#### TASK DESCRIPTION
Your job is to give again, exactly and with no additions, the lines in the records below from the one with "17 września 2025" through the one with "経産省の補助金活用で、情報セ", both included. Omit the pictures.

#### SUPPLIED INFORMATION
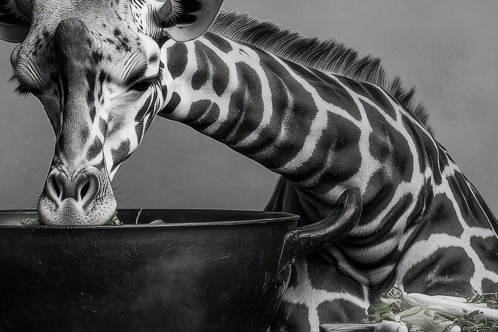 Eine verspielte Giraffe, die neugierig über den Rand eines großen Kochtopfs späht, bringt sofort Freude und Vielfalt in jeden Raum. Umgeben von frischen Zutaten und einem Hauch von Magie wird die Küche zum kreativen Zentrum. Dieses faszinierende Bild inspiriert zu gastronomischen Abenteuern und verleiht dem Raum einen einzigartigen Charme.
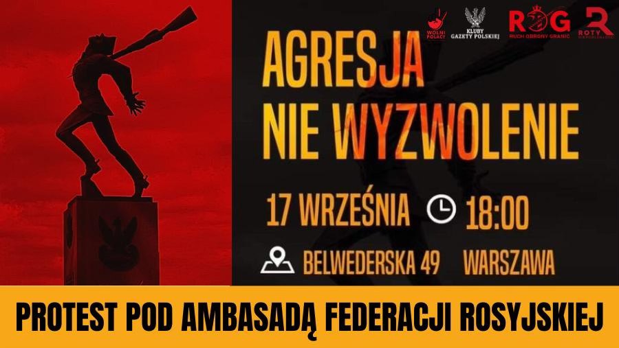17 września 2025 roku o 18:00 Roty Marszu Niepodległości, Straż Narodowa, Ruch Obrony Granic, Kluby Gazety Polskiej, Wolni Polacy, organizują przed rosyjską ambasadą w Warszawie (ul. Belwederska 49) demonstracje w rocznice rosyjskiej agresji na Polskę 1939.
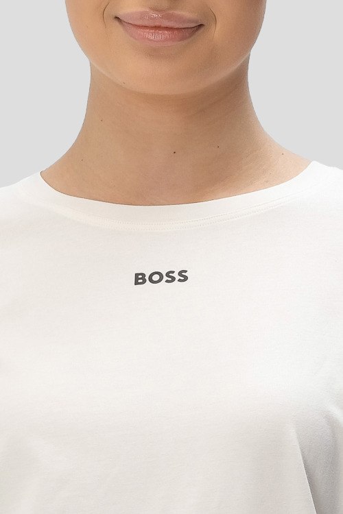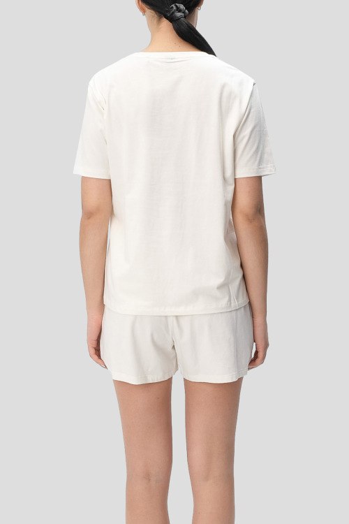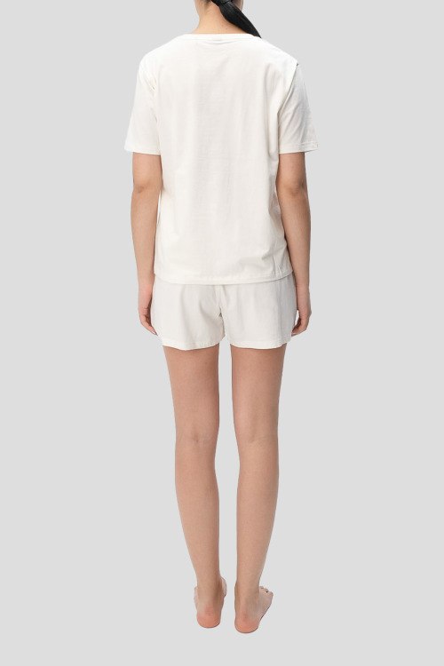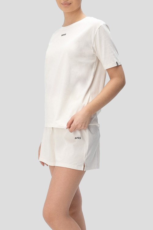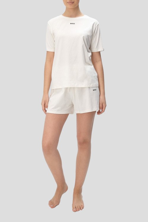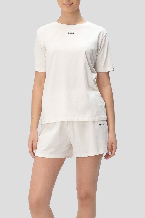 Детали: Женский комплект для дома молочного оттенка из хлопкового микса от Hugo Boss (Хуго Босс). Футболка классической длины, круглый вырез горловины, короткие рукава, логотип бренда на груди, короткие шорты с эластичной резинкой на поясе
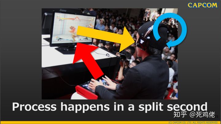 在格斗游戏中,玩家从游戏画面接收信息,然后经过大脑处理信息后,再输入相对应的动作。玩家在进行游戏时,这个流程会以非常快(大约只有 0 点几秒)的频率不断地循环运作。
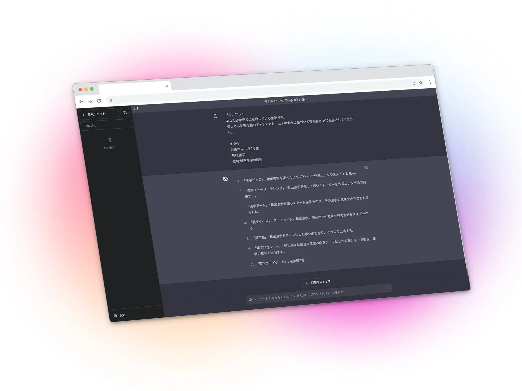 経産省の補助金活用で、情報セキュリティに対応した教育機関向けプライベート生成AIクラウド「学校AI」と生成AI研修が一定期間無料に。チャット内容は外部に流出することなく、プライバシーが保護されます。
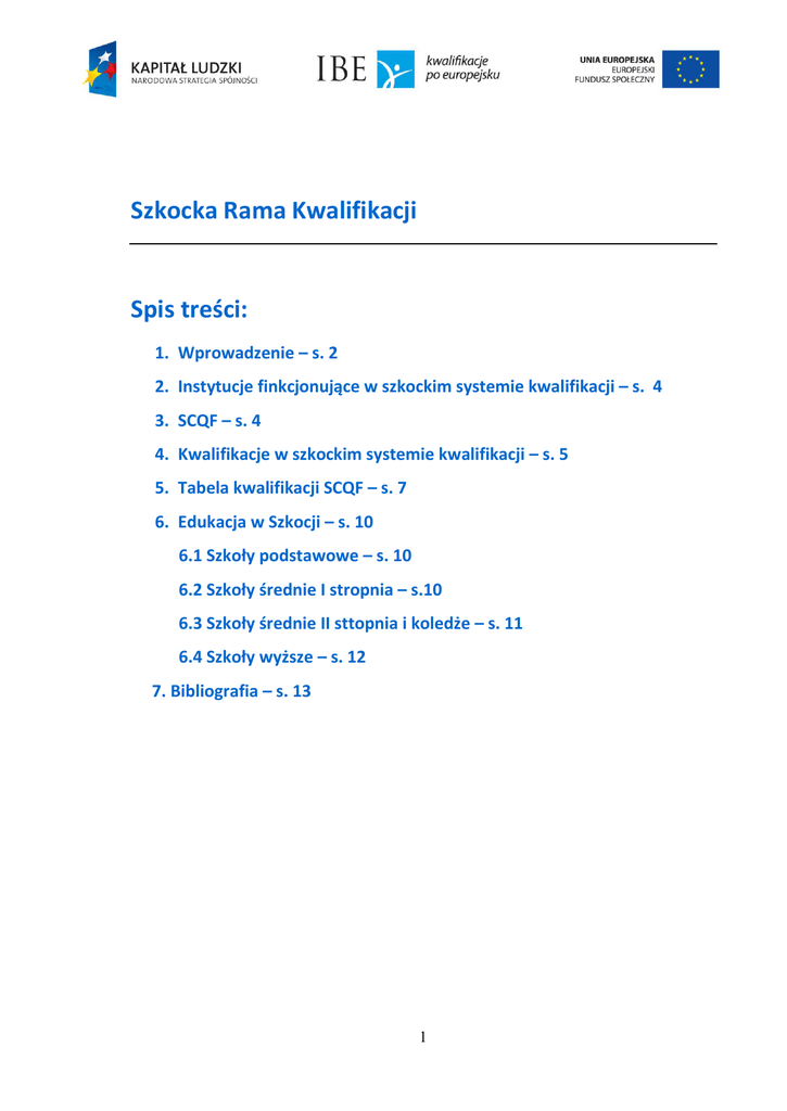 Szkocka Rama Kwalifikacji Spis treści: 1. Wprowadzenie – s. 2 2. Instytucje finkcjonujące w szkockim systemie kwalifikacji – s. 4 3. SCQF – s. 4 4. Kwalifikacje w szkockim systemie kwalifikacji – s. 5 5. Tabela kwalifikacji SCQF – s. 7 6. Edukacja w Szkocji – s. 10 6.1 Szkoły podstawowe – s. 10 6.2 Szkoły średnie I stropnia – s.10 6.3 Szkoły średnie II sttopnia i koledże – s. 11 6.4 Szkoły wyższe – s. 12 7. Bibliografia – s. 13 1 1. Wprowadzenie Szkocka Rama Kwalifikacji – The Scottish Credit and Qualifications Framework (SCQF) – funkcjonuje już od roku 2001. Celem inicjatywy, w wyniku której powstała, było stworzenie spójnego i przejrzystego systemu kwalifikacji, łatwego do zrozumienia i stosowania. Szkocka Rama Kwalifikacji miała: wspierać i ułatwiać uczenie się przez całe życie; jasno wyznaczać warunki brzegowe kwalifikacji (wymagania wstępne i uzyskiwane korzyści) oraz programów nauczania na dowolnym poziomie; wytyczać klarowne ścieżki kariery; pozwalać na określenie poziomu funkcjonujących w Szkocji kwalifikacji; wskazywać zależności między kwalifikacjami lub programami nauczania oraz pomagać uczącym się w dalszym rozwoju. Prace nad Szkocką Ramą Kwalifikacji przebiegały w latach 1998 – 2001. Brały w nich udział: Quality Assurance Agency (QAA), czyli niezależny urząd stojący na straży standardów i jakości nauczania na obszarze uczelni wyższych w Szkocji (formalnie QAA Scotland, nie mylić z QAA działającym w Anglii); Scottish Qualifications Authority (SQA), urząd autoryzujący podmioty przyznające kwalifikacje zawodowe; Universities Scotland, czyli reprezentacja 19 uczelni wyższych; wspierane przez odpowiadające za edukację departamenty szkockiego rządu oraz Scottish Advisory Committee on Credit and Access (SACCA), czyli połączony komitet QAA i Universities Scotland, złożony z przedstawicieli szkockich uniwersytetów i koledżów (patrz też niżej: “Instytucje funkcjonujące w szkockim systemie kwalifikacji”). Szkocka Rama Kwalifikacji zaadaptowała wcześniej istniejące: SCOTCAT (Scottish Credit Accumulation and Transfer) funkcjonujące od 1992 w obszarze edukacji wyższej, ramę dla krajowych placówek edukacyjnych, kursów etc. stworzoną w ramach inicjatywy Higher Still, obowiązującą w szkołach i uczelniach w latach 1994 – 2000 (za: „Referencing The 2 Qualifications Frameworks of The United Kingdom to The European Qualifications Framework”). Prace nad odniesieniem SCQF do Europejskiej Ramy Kwalifikacji (ERK) podjęto zgodnie z zaleceniem Parlamentu Europejskiego i Rady Europy z 23 kwietnia 2008 roku. Celem tych prac, poza realizacją celów Unii Europejskiej (stworzenie funkcjonalnego wspólnego rynku pracy, ze sprawnym i transparentnym systemem porównywania, weryfikacji i walidacji kwalifikacji), była konsolidacja i zwiększenie efektywności już funkcjonującego, reformowanego od ćwierćwiecza systemu. Na początku 2008 roku Quality Committee, organ doradczy Scottish Credit and Qualifications Framework Partnership, powstałego w 2006 roku stowarzyszenia (patrz niżej: “Instytucje funkcjonujące w szkockim systemie kwalifikacji”), którego celem był dalszy rozwój Szkockiej Ramy Kwalifikacji, powołał niezależnego konsultanta. Jego zadaniem było odniesienie dwunastopoziomowej SCQF do ośmiopoziomowej Europejskiej Ramy Kwalifikacji (ERK). Jednocześnie komisja ta ustanowiła ciało doradcze SCQF-EQF Steering Group, pomagające konsultantowi we wszelkich działaniach dotyczących jego zadania. Członkowie SCQF-EQF Steering Group spotkali się po raz pierwszy w lipcu 2008 roku, co należy uznać za początek właściwych prac nad realizacją zalecenia Parlamentu Europejskiego i Rady Europy wydanego trzy miesiące wcześniej Porównania Szkockiej Ramy Kwalifikacji SCQF do ośmiopoziomowej Europejskiej Ramy Kwalifikacji dokonano w 2009 roku (patrz niżej: tabela “Odniesienie poziomów SCQF do poziomów ERK”) i opisano w szkockim raporcie referencyjnym. Liczba mieszkańców Szkocji PKB na jednego mieszkańca (w funtach) Nakłady na edukację 5 295 000 26 766 7,8 3 (w procentach PKB) 2. Instytucje funkcjonujące w szkockim systemie kwalifikacji Instytucją odpowiedzialną za szkocki system kwalifikacji, w tym za ramę kwalifikacji i prowadzenie rejestru kwalifikacji, jest Scottish Credit and Qualifications Framework Partnership (SCQF Partnership). W jego skład wchodzą: Association of Scotland’s Colleges; Quality Assurance Agency for Higher Education; Scottish Qualifications Authority (SQA) – autonomiczne ciało pozarządowe fiansowane przez Scottish Government Schools Directorate. Odpowiada za nadawanie kwalifikacji, akredytację niektórych podmiotów nadających kwalifikacje oraz walidację kwalifikacji innych niż dyplomy szkół wyższych; Universities Scotland – podmiot reprezentujący szkoły wyższe; przedstawiciele ministerstw. SCQF Partnership pełni funkcję Krajowego Punktu Koordynacyjnego (NCP). Ma status organizacji charytatywnej, co zabezpiecza go przed możliwymi naciskami politycznymi, na przykład ze strony ministerstw. 3. SCQF Szkocka Rama Kwalifikacji liczy dwanaście poziomów. Poziom pierwszy odnosi się do zdobywania elementarnego doświadczenia, przy pomocy instruktora/opiekuna, na przykład umiejętności włączenia komputera i uruchomienia przeglądarki internetowej. Poziomy od drugiego do dwunastego opisane są przez deskryptory w pięciu kategoriach: wiedza i zrozumienie (głównie odnosi się to do danego przedmiotu); wykorzystanie wiedzy i rozumienia w praktyce; ogólne umiejętności poznawcze (na przykład ocena, analiza krytyczna); komunikacja, kompetencje matematyczne i umiejętności w zakresie IT; samodzielność, odpowiedzialność i zdolność do współpracy. 4 Ze względu na różnicę w liczbie poziomów obu ram oraz szerokie spektrum SCQF, obejmującej także efekty uczenia się na pozomach niższych, niż obejmuje

#### THE COMPLETED TASK
17 września 2025 roku o 18:00 Roty Marszu Niepodległości, Straż Narodowa, Ruch Obrony Granic, Kluby Gazety Polskiej, Wolni Polacy, organizują przed rosyjską ambasadą w Warszawie (ul. Belwederska 49) demonstracje w rocznice rosyjskiej agresji na Polskę 1939.
 Детали: Женский комплект для дома молочного оттенка из хлопкового микса от Hugo Boss (Хуго Босс). Футболка классической длины, круглый вырез горловины, короткие рукава, логотип бренда на груди, короткие шорты с эластичной резинкой на поясе
 在格斗游戏中,玩家从游戏画面接收信息,然后经过大脑处理信息后,再输入相对应的动作。玩家在进行游戏时,这个流程会以非常快(大约只有 0 点几秒)的频率不断地循环运作。
 経産省の補助金活用で、情報セキュリティに対応した教育機関向けプライベート生成AIクラウド「学校AI」と生成AI研修が一定期間無料に。チャット内容は外部に流出することなく、プライバシーが保護されます。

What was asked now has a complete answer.